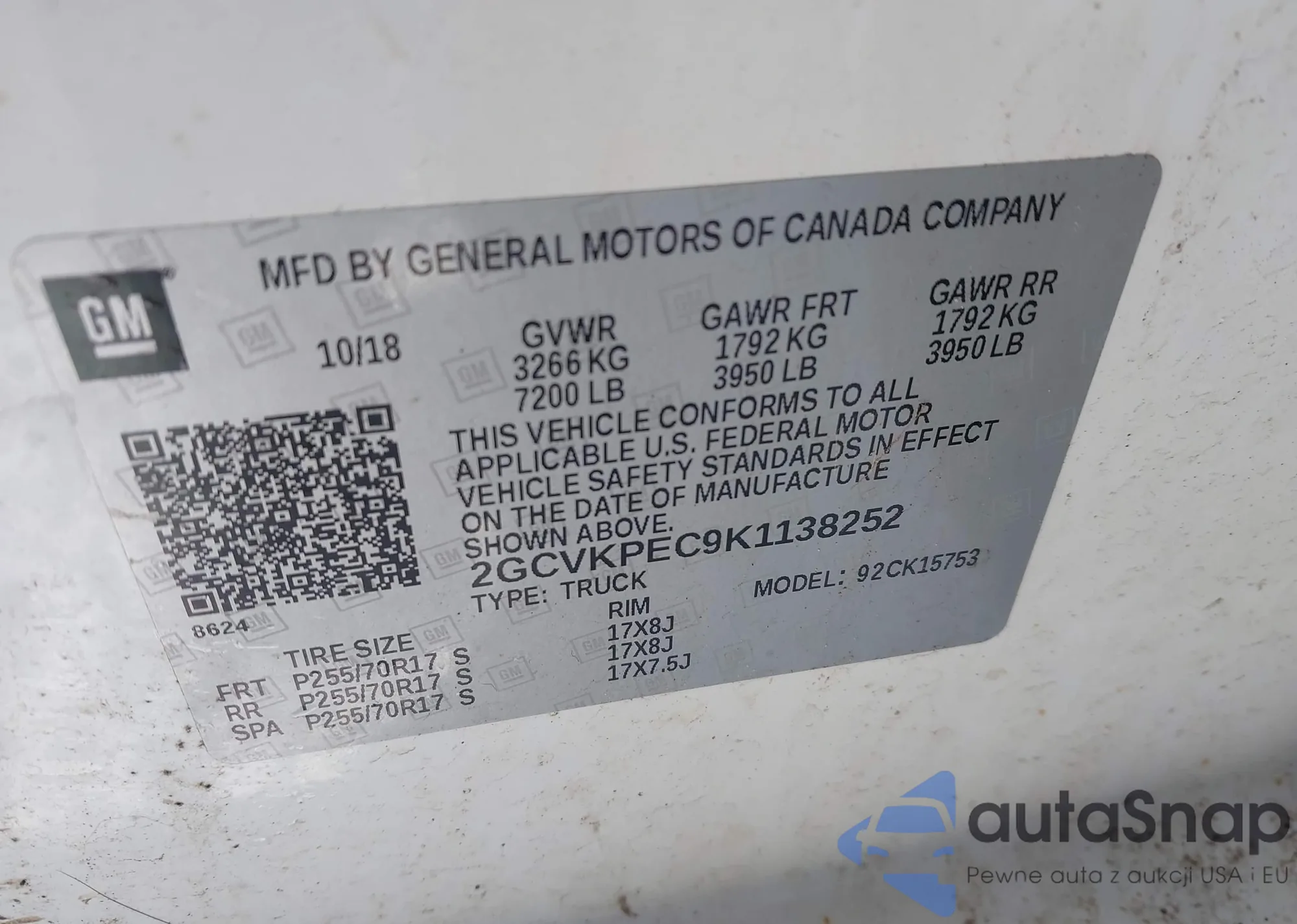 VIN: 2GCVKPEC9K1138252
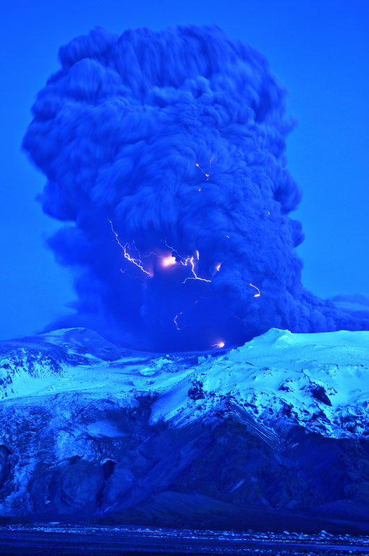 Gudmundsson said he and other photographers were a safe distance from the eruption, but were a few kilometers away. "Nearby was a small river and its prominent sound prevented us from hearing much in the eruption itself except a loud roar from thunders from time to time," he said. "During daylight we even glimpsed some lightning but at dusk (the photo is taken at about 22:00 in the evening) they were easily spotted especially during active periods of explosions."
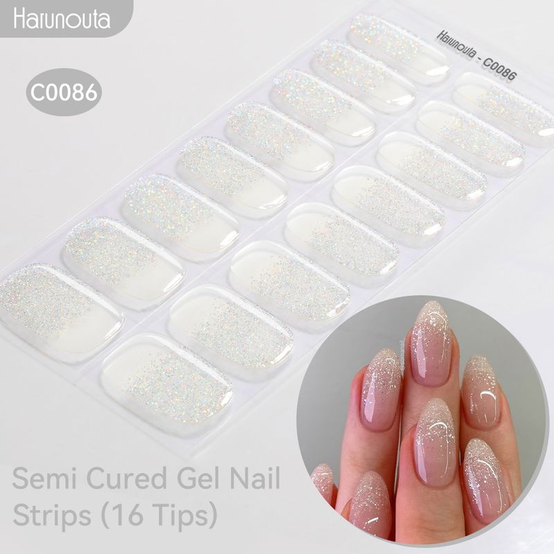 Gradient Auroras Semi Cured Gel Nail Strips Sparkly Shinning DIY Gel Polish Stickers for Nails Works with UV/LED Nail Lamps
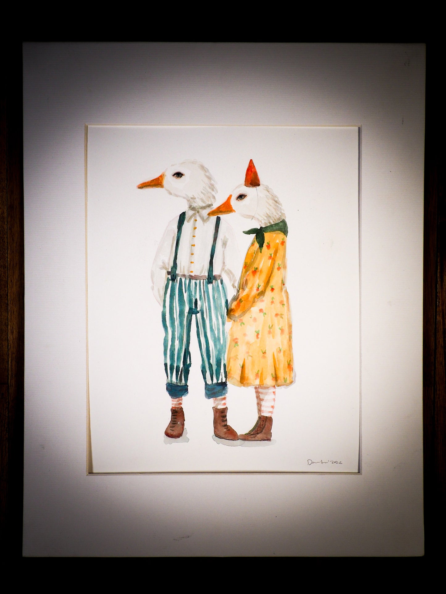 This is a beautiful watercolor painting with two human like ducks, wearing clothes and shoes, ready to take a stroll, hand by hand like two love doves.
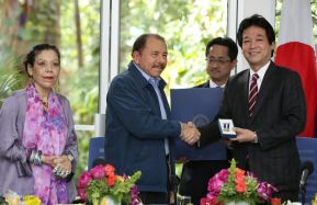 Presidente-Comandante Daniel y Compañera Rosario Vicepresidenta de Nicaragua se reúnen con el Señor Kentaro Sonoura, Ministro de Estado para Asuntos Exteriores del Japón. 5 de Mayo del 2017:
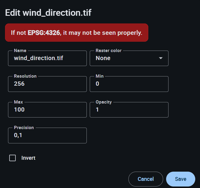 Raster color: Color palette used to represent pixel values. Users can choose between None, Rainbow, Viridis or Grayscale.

+ + + + +

ACTION ITEM => No pictures belong in the output. Restate word for word only the lines from the one containing "Presidente-Comandante Daniel y" to the end of the entries above.

ANSWER FOR THIS EXERCISE =>
 Presidente-Comandante Daniel y Compañera Rosario Vicepresidenta de Nicaragua se reúnen con el Señor Kentaro Sonoura, Ministro de Estado para Asuntos Exteriores del Japón. 5 de Mayo del 2017:
 Raster color: Color palette used to represent pixel values. Users can choose between None, Rainbow, Viridis or Grayscale.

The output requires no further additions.